Time Limit: 2000/1000 MS (Java/Others) Memory Limit: 65536/32768 K (Java/Others)
Total Submission(s): 26202 Accepted Submission(s): 8255

Problem Description

A histogram is a polygon composed of a sequence of rectangles aligned at a common base line. The rectangles have equal widths but may have different heights. For example, the figure on the left shows the histogram that consists of rectangles with the heights 2, 1, 4, 5, 1, 3, 3, measured in units where 1 is the width of the rectangles:

Usually, histograms are used to represent discrete distributions, e.g., the frequencies of characters in texts. Note that the order of the rectangles, i.e., their heights, is important. Calculate the area of the largest rectangle in a histogram that is aligned at the common base line, too. The figure on the right shows the largest aligned rectangle for the depicted histogram.

Input

The input contains several test cases. Each test case describes a histogram and starts with an integer n, denoting the number of rectangles it is composed of. You may assume that 1 <= n <= 100000. Then follow n integers h1, ..., hn, where 0 <= hi <= 1000000000. These numbers denote the heights of the rectangles of the histogram in left-to-right order. The width of each rectangle is 1. A zero follows the input for the last test case.

Output

For each test case output on a single line the area of the largest rectangle in the specified histogram.
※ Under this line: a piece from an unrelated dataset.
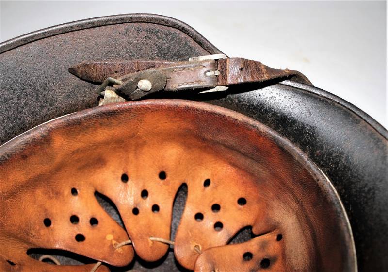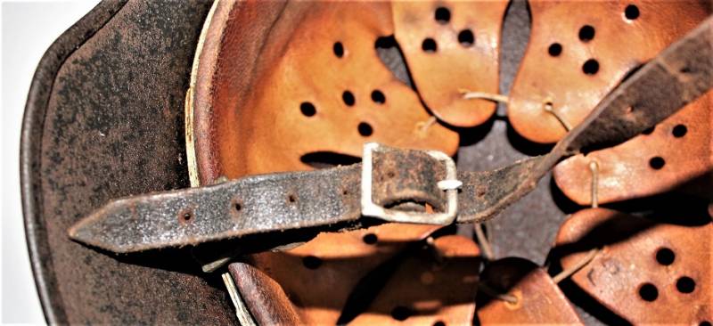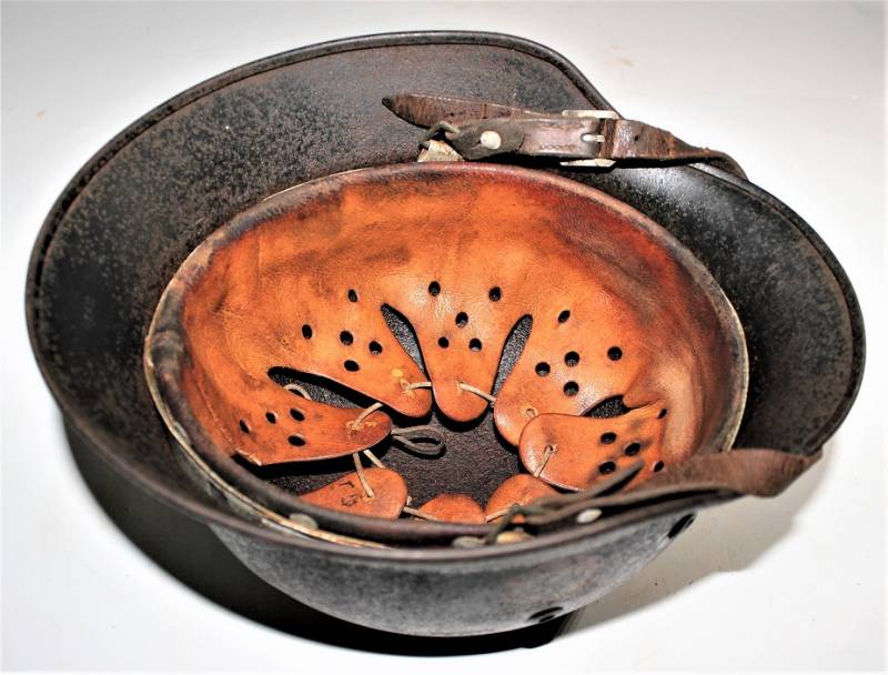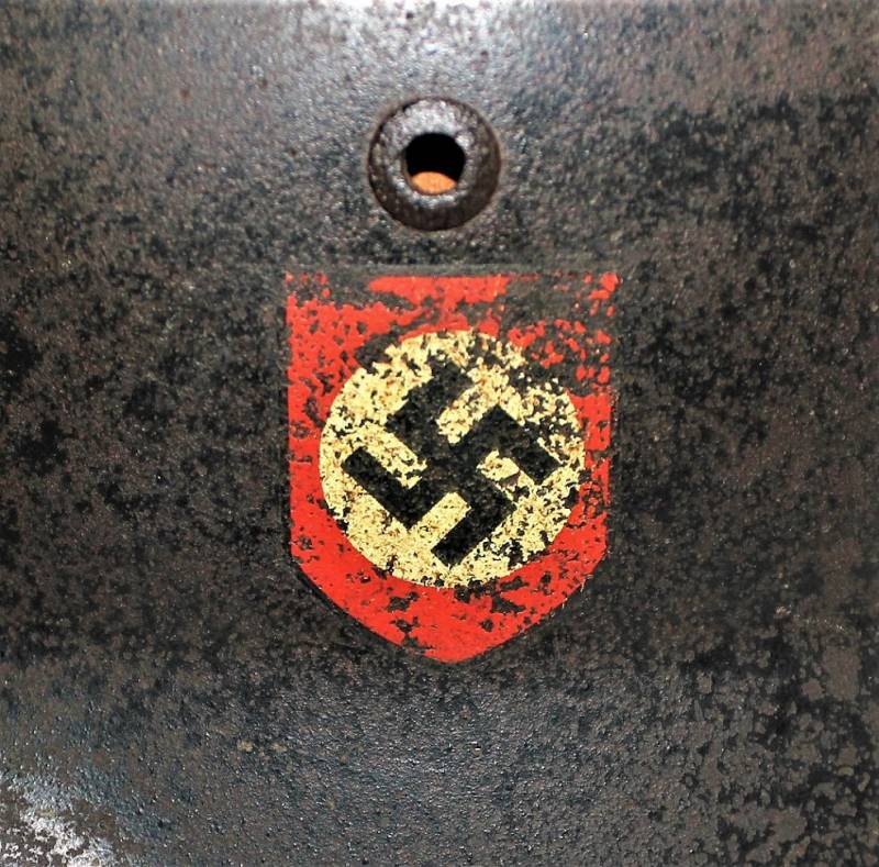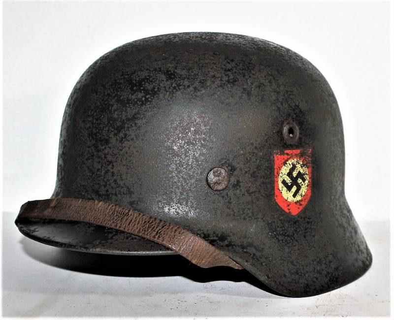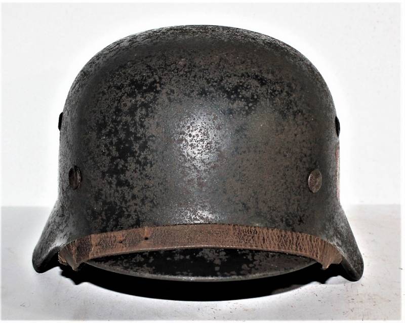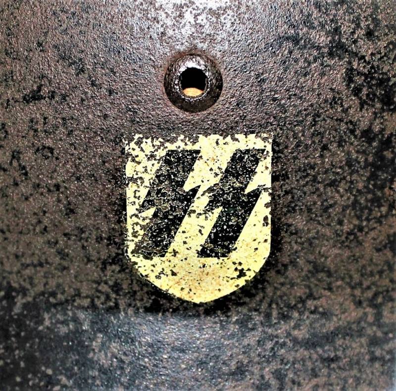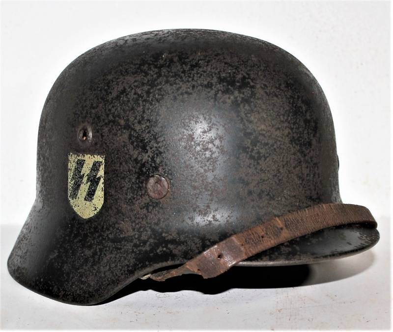Helmet mod.M35 Algemine SS dubledekal, conditions lived with patina of time and use, complete in all its parts, not restored or repaired, liner and chinstrap never removed, the skin of the liner is slightly dry but not damaged, chinstrap in good conditions, you can see the manufacturer´s code, the color of the helmet is opaque black at 50%, 80% runway decal, party decal at about 60%. The inner shell is partly rusty, marked on the iron with lot number and size Q62, leather size 55. Original 100% WWII period.

Remember that this rectangle must be aligned at the common base line.

Sample Input

   7 2 1 4 5 1 3 3 4 1000 1000 1000 1000 0
  

Sample Output

   8 4000
  

Source

University of Ulm Local Contest 2003

Recommend

求每个长方形的高在哪个区间是最小值单调递增栈

然后遍历一遍就行了

#include <iostream>
#include <cstdio>
#include <sstream>
#include <cstring>
#include <map>
#include <cctype>
#include <set>
#include <vector>
#include <stack>
#include <queue>
#include <algorithm>
#include <list>
#include <cmath>
#include <bitset>
#define rap(i, a, n) for(int i=a; i<=n; i++)
#define rep(i, a, n) for(int i=a; i<n; i++)
#define lap(i, a, n) for(int i=n; i>=a; i--)
#define lep(i, a, n) for(int i=n; i>a; i--)
#define rd(a) scanf("%d", &a)
#define rlld(a) scanf("%lld", &a)
#define rc(a) scanf("%c", &a)
#define rs(a) scanf("%s", a)
#define rb(a) scanf("%lf", &a)
#define rf(a) scanf("%f", &a)
#define pd(a) printf("%d\n", a)
#define plld(a) printf("%lld\n", a)
#define pc(a) printf("%c\n", a)
#define ps(a) printf("%s\n", a)
#define MOD 2018
#define LL long long
#define ULL unsigned long long
#define Pair pair<int, int>
#define mem(a, b) memset(a, b, sizeof(a))
#define _  ios_base::sync_with_stdio(0),cin.tie(0)
//freopen("1.txt", "r", stdin);
using namespace std;
const int maxn = 110000, INF = 0x7fffffff;

struct node
{
    int id, l, r;
    LL w;
}Node[maxn];

stack<node> S;
int main()
{
    int n;
    while(scanf("%d", &n) != EOF && n)
    {
        for(int i = 1; i <= n; i++)
        {
            rlld(Node[i].w);
            Node[i].id = i;
            Node[i].l = i;
            while(!S.empty() && S.top().w > Node[i].w)
            {
                Node[S.top().id].r = i;
                Node[i].l = Node[S.top().id].l;

                S.pop();
            }
            S.push(Node[i]);
        }
        while(!S.empty())
        {
            Node[S.top().id].r = n + 1;
            S.pop();
        }


        LL mx = -INF;
        for(int i = 1; i <= n; i++)
        {
            mx = max(mx, (LL)(Node[i].r - Node[i].l) * Node[i].w);
        }
        printf("%lld\n", mx);
    }

    return 0;
}